In addition, the paper presents the requirements for the vehicle system and presents the development of a simulation model of a hybrid hydrogen vehicle using the Simscape library of the MATLAB Simulink package.
The results of the simulation model using different energy management strategies are presented, and the analysis of the simulation results is carried out. Based on the comparison of the operating parameters of the power distribution system, the most effective algorithm for managing the power demand is identified.
全文:
In the production of passenger cars and vehicles, the use of power plants based on hydrogen fuel cells with a proton exchange membrane is becoming a modern trend. This is due to environmental and industry standards established within the framework of UNECE Regulation No. 83, as well as GOST R ISO 23828-2013 and SAE J2579.
For example, the use of fuel cells [1] on a 1.6 ton passenger car produces about 100 kW of power, with a consumption of 1.8 kg of hydrogen per 100 miles (161 km), which corresponds to 6.5 liters of gasoline in terms of specific energy. Fuel tanks for such cars are connected reservoirs that, under a pressure of 600-700 bar, contain 5-6 kg of hydrogen, which provides a range of 500-600 kilometers. At the same time, the emission products consist only of air and water, which makes them environmentally friendly [15].

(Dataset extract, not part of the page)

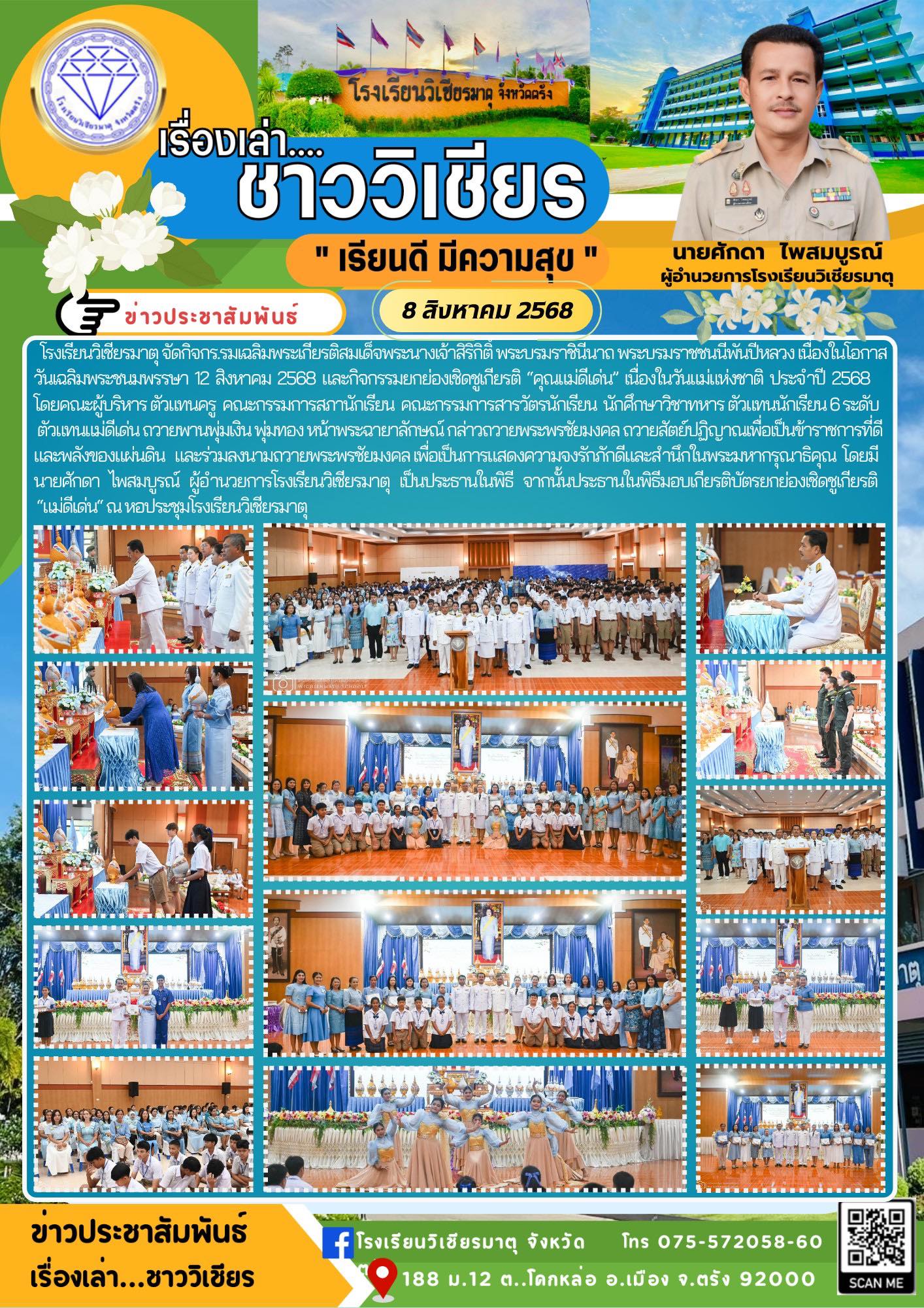 โรงเรียนวิเชียรมาตุ จัดกิจกรรมเฉลิมพระเกียรติสมเด็จพระนางเจ้าสิริกิติ์ พระบรมราชินีนาถ พระบรมราชชนนีพันปีหลวง เนื่องในโอกาสวันเฉลิมพระชนมพรรษา 12 สิงหาคม 2568 และกิจกรรมยกย่องเชิดชูเกียรติ “คุณแม่ดีเด่น” เนื่องในวันแม่แห่งชาติ ประจำปี 2568 โดยคณะผู้บริหาร ตัวแทนครู คณะกรรมการสภานักเรียน คณะกรรมการสารวัตรนักเรียน นักศึกษาวิชาทหาร ตัวแทนนักเรียน 6 ระดับ ตัวแทนแม่ดีเด่น ถวายพานพุ่มเงิน พุ่มทอง หน้าพระฉายาลักษณ์ กล่าวถวายพระพรชัยมงคล ถวายสัตย์ปฏิญาณเพื่อเป็นข้าราชการที่ดีและพลังของแผ่นดิน และร่วมลงนามถวายพระพรชัยมงคล เพื่อเป็นการแสดงความจงรักภักดีและสำนึกในพระมหากรุณาธิคุณ โดยมี นายศักดา ไพสมบูรณ์ ผู้อำนวยการโรงเรียนวิเชียรมาตุ เป็นประธานในพิธี จากนั้นประธานในพิธีมอบเกียรติบัตรยกย่องเชิดชูเกียรติ “แม่ดีเด่น“ ณ หอประชุมโรงเรียนวิเชียรมาตุ

When assessing the range of a hydrogen fuel cell vehicle according to the WLTC cycle, the best results are achieved through efficient management of the electric power generated by the hydrogen fuel cell and the traction battery, as well as the optimal distribution of this power at peak loads [2, 11], battery discharge and low temperatures. For example, the fuel cell of a Toyota Mirai passenger car generates about 114 kilowatts, while the power of the traction battery is 21 kilowatts, and the electric drive is 113 kilowatts (154 hp). This allows using the power of the battery at critical moments, which can provide a current exceeding the nominal by 5-10 times or more, which helps to compensate for the delay of the control system when requesting power from the fuel cell, and then charging the battery from it [12].
However, there are tasks where it is necessary to achieve maximum values of specific energy capacity and vehicle operating time to increase its mileage and maintain dynamic characteristics. To do this, it is necessary to develop algorithms that will effectively distribute power in a car using a hydrogen fuel cell with a proton exchange membrane.
The objective of this work is to develop mathematical models and power distribution algorithm for hydrogen fuel cell vehicles. This includes efficient control of the requested current while satisfying power requirements and increasing the autonomy of the vehicle by redistributing energy [2].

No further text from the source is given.